L'exercice a duré plus de quatre heures quasiment ininterrompues. Mardi 30 mars, à Besançon, cinq candidats à l'élection présidentielle ont tenté de séduire les agriculteurs, réunis à l'occasion du congrès annuel du plus grand syndicat français du secteur, la Fédération nationale des syndicats d'exploitants agricoles (Fnsea), qui s'était terminé la veille.

Fabien Roussel (PCF), Marine Le Pen (RN), Valérie Pécresse (LR), Éric Zemmour (Reconquête) et Jean Lassalle se sont succédés à l'estrade lors d'un "grand oral" organisé par le Conseil de l'agriculture française (CAF), composé de la Fnsea, des Jeunes Agriculteurs (JA), de la Confédération nationale de la mutualité, de la coopération et du crédit agricoles (CNMCCA) et de l'Assemblée permanente des chambres d'agriculture (APCA).

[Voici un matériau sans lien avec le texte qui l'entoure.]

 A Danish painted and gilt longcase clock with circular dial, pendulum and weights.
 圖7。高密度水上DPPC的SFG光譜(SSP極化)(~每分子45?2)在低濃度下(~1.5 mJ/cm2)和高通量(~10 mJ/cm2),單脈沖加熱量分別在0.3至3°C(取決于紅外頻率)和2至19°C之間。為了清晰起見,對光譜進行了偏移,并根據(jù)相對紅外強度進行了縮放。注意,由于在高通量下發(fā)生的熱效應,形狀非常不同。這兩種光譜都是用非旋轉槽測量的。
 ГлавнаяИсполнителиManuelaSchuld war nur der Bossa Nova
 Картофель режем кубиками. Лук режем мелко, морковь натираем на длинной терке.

Emmanuel Macron, empêché à la dernière minute par un Conseil de défense suivi du Conseil des ministres, a été autorisé à enregistrer, la veille, une vidéo. Tous ont d'abord exposé leur vision du futur de l'agriculture pendant 10 minutes, puis ont été interrogés pendant une demi-heure sur les sujets les plus sensibles par les membres du CAF.

Trois grands absents

Tous les candidats qui au 9 mars enregistraient plus de 2% d'intentions de votes ont été conviés. Trois ont toutefois décliné l'invitation, en faisant valoir selon la Fnsea des raisons d'agenda, malgré un appel personnel de sa présidente, Christiane Lambert : Yannick Jadot (EELV), Anne Hidalgo (PS) et Jean-Luc Mélenchon (LFI). Une quasi-absence de la gauche qui suscite l'"incompréhension" du syndicat agricole, lequel n'acceptait toutefois pas que les candidats soient représentés ni - à l'exception du cas de Macron, lié à la guerre - qu'ils enregistrent de vidéos.

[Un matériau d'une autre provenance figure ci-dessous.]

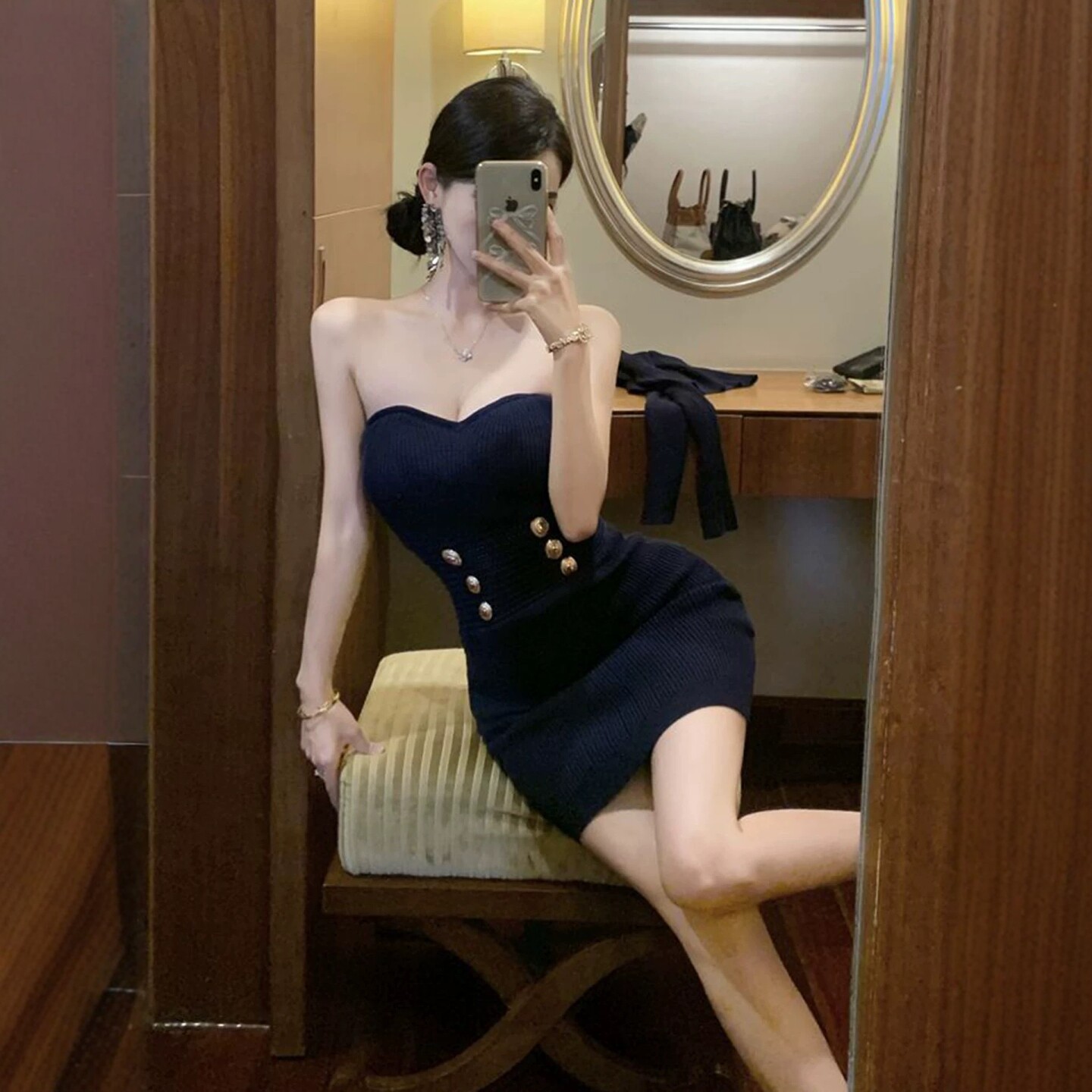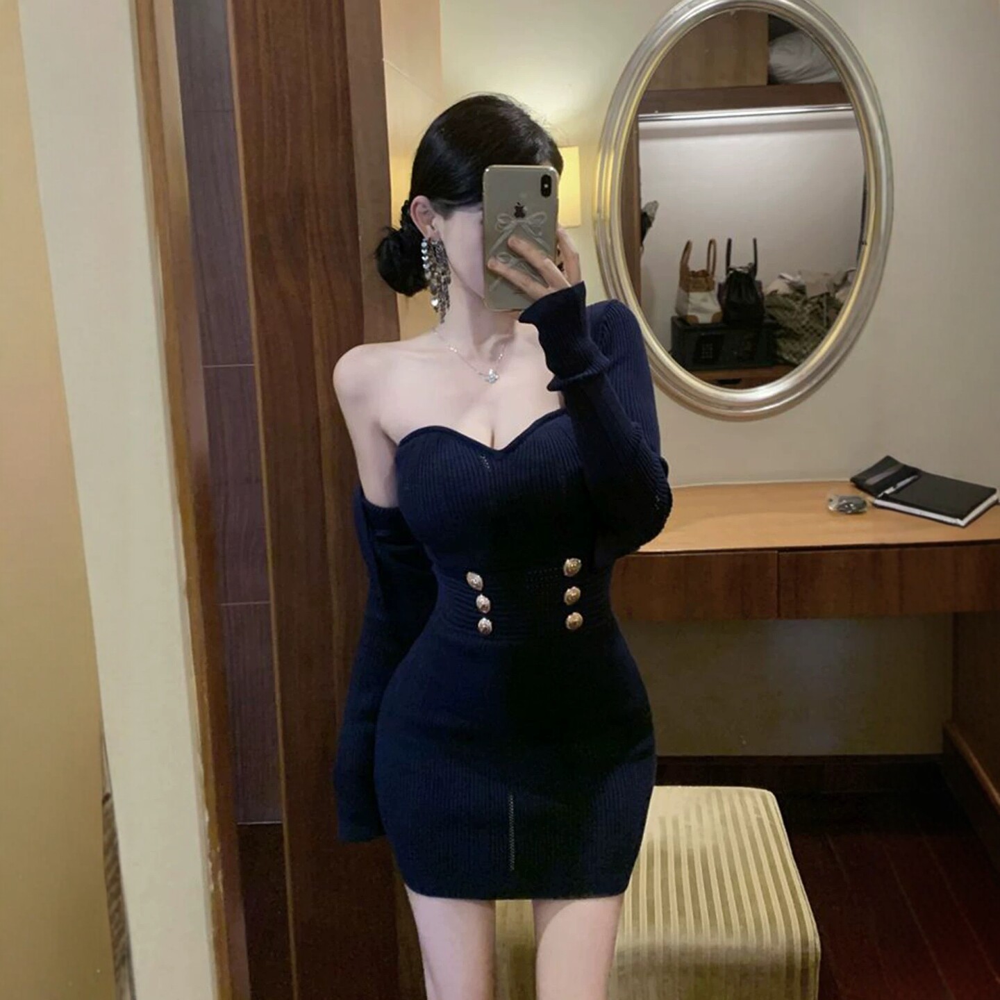 Elegant and Mature Style Black Strapless Knitted Dress with Shawl Cardigan, Waist-Cinching Bodycon Skirt Two-Piece Set

Yannick Jadot et Anne Hidalgo s'étaient pourtant rendus début mars sur le stand de la Fnsea au salon de l'Agriculture, alors que Jean-Luc Mélenchon avait été empêché par un voyage dans les DOM-TOM, note le syndicat agricole. Mardi, Anne Hidalgo avait, selon la Fnsea, un rendez-vous avec les médias. Selon l'AFP, Yannick Jadot était à Margny-sur-Matz (Oise) sur le thème de ruralité, alors que Jean-Luc Mélenchon participait à un meeting sur le thème de "l'union des quartiers populaires" organisé à Saint-Denis, en banlieue parisienne.

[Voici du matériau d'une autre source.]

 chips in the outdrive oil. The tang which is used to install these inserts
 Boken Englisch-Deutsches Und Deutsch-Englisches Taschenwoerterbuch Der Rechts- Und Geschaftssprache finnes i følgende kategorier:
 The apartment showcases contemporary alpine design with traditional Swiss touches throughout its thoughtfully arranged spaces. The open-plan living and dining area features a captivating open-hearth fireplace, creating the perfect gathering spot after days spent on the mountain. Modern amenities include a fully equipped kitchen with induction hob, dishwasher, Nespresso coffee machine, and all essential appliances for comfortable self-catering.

Consensus sur la révision des contraintes environnementales

Comme lors du grand oral des candidats précédent, organisé à Brest en 2017 - lorsque Nathalie Arthaud (LO), Benoît Hamon (PS), Jean-Luc Mélenchon (LFI) et Philippe Poutou (NPA) étaient absents -, c'est donc essentiellement la droite - à l'exception du communiste Fabien Roussel - qui s'est exprimée mercredi devant quelque 1.500 agriculteurs. Avec comme résultat un certain consensus autour des sujets aujourd'hui les plus controversés socialement, tels que notamment la nécessité de produire plus en France et de limiter les contraintes environnementales.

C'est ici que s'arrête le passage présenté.